▸ Exercise instructions: The material below should be copied line for line, please, with pictures omitted.

[Data for processing]

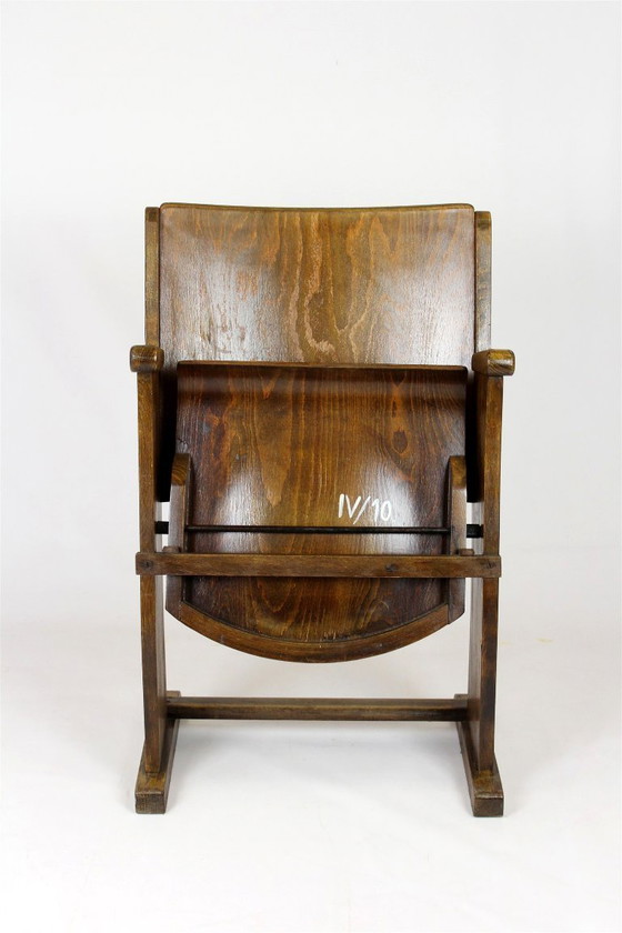 Fauteuil de cinéma vintage TON (Thonet), tchèque des années 1940, siège de théâtre en bois
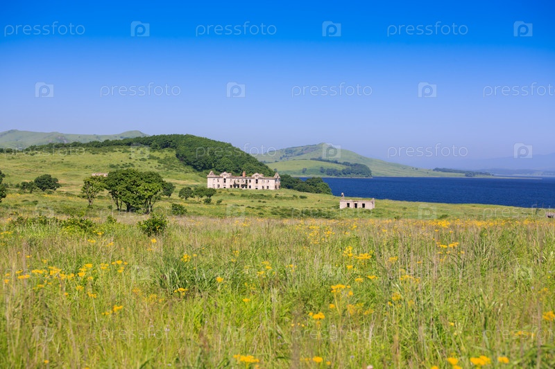 Зеленый луг и синее море
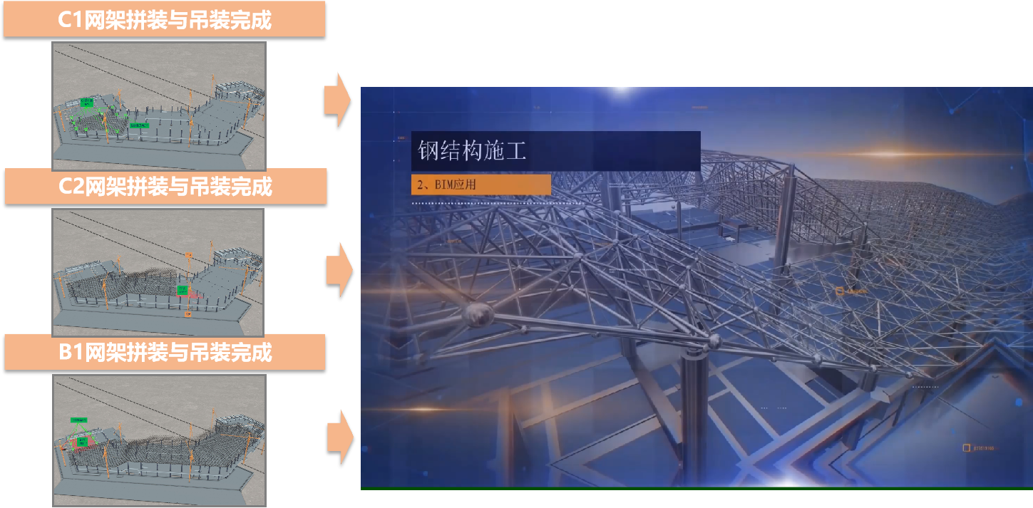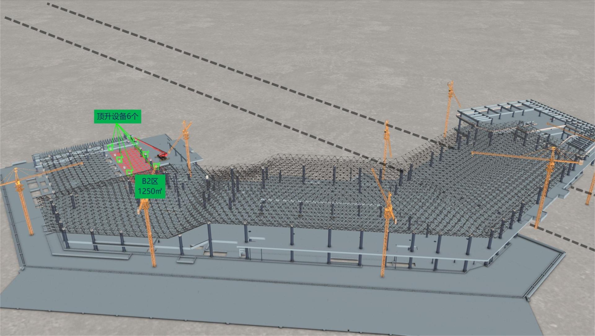 项目组织专项经专家论证,同时应用BIM技术对钢结构施工方案进行多方案模拟,在钢结构施工方案专家论证会议上,结合BIM技术,最终选取楼面分区分块原位拼装+超大型液压同步提升技术的施工工艺(桥下区域采用顶升工艺)的施工方案。BIM施工方案策划提高了施工组织,降低了施工成本,缩短了工期。
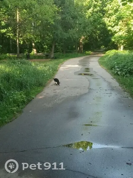Бегала около входа в лесопарке (вход около остановки Улица Чечулина, дом 14, центр борьбы с туберкулезом). Кажется, кошка, но, может, и кот. Очень пугливая. Черно-белая, глаза желто-зеленые
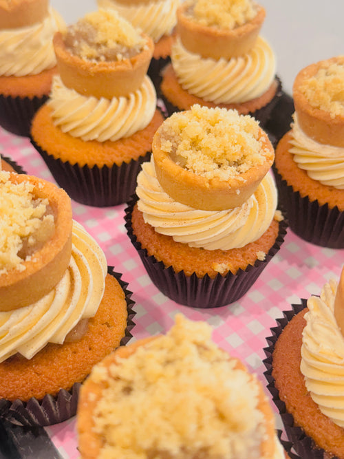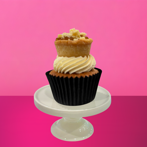 All the charm of Grandma’s apple pie, baked into a cupcake. This cosy creation features a spiced cinnamon sponge filled with sweet apple compote, topped with creamy cinnamon sugar buttercream, and finished with the cutest mini apple pie. It’s warm, nostalgic, and totally irresistible.
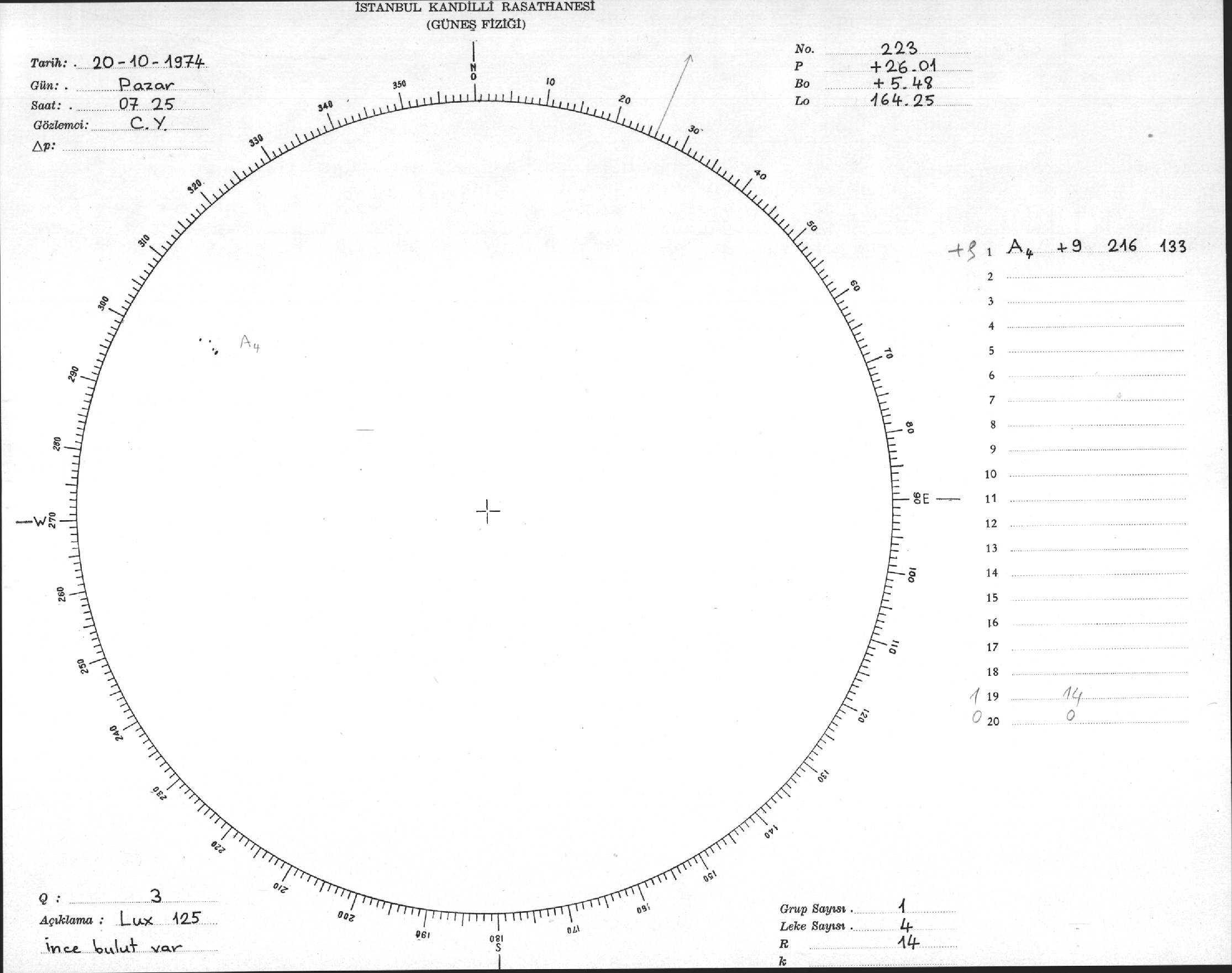 Güneş Lekesi Çizimi - 20.10.1974
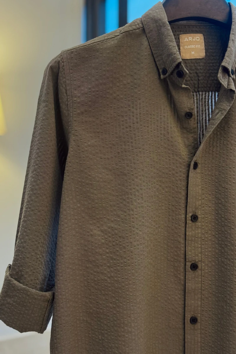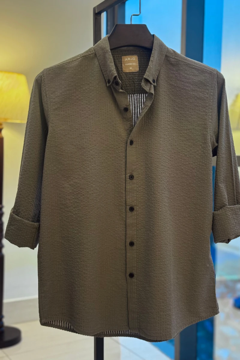 The Olive Textured Shirt from Arjo is the perfect choice for effortless summer style. Crafted for comfort and breathability, this lightweight shirt keeps you cool during warmer days. With its relaxed fit and timeless stripes, it’s ideal for both casual outings and laid-back occasions. If you're looking for premium Full-sleeve shirts for men in BD, this versatile piece is a must-have. Stay stylish and comfortable all season long with Arjo.

[/Data for processing]

▸ Your response:
 Fauteuil de cinéma vintage TON (Thonet), tchèque des années 1940, siège de théâtre en bois
 Зеленый луг и синее море
 项目组织专项经专家论证,同时应用BIM技术对钢结构施工方案进行多方案模拟,在钢结构施工方案专家论证会议上,结合BIM技术,最终选取楼面分区分块原位拼装+超大型液压同步提升技术的施工工艺(桥下区域采用顶升工艺)的施工方案。BIM施工方案策划提高了施工组织,降低了施工成本,缩短了工期。
Бегала около входа в лесопарке (вход около остановки Улица Чечулина, дом 14, центр борьбы с туберкулезом). Кажется, кошка, но, может, и кот. Очень пугливая. Черно-белая, глаза желто-зеленые
 All the charm of Grandma’s apple pie, baked into a cupcake. This cosy creation features a spiced cinnamon sponge filled with sweet apple compote, topped with creamy cinnamon sugar buttercream, and finished with the cutest mini apple pie. It’s warm, nostalgic, and totally irresistible.
 Güneş Lekesi Çizimi - 20.10.1974
 The Olive Textured Shirt from Arjo is the perfect choice for effortless summer style. Crafted for comfort and breathability, this lightweight shirt keeps you cool during warmer days. With its relaxed fit and timeless stripes, it’s ideal for both casual outings and laid-back occasions. If you're looking for premium Full-sleeve shirts for men in BD, this versatile piece is a must-have. Stay stylish and comfortable all season long with Arjo.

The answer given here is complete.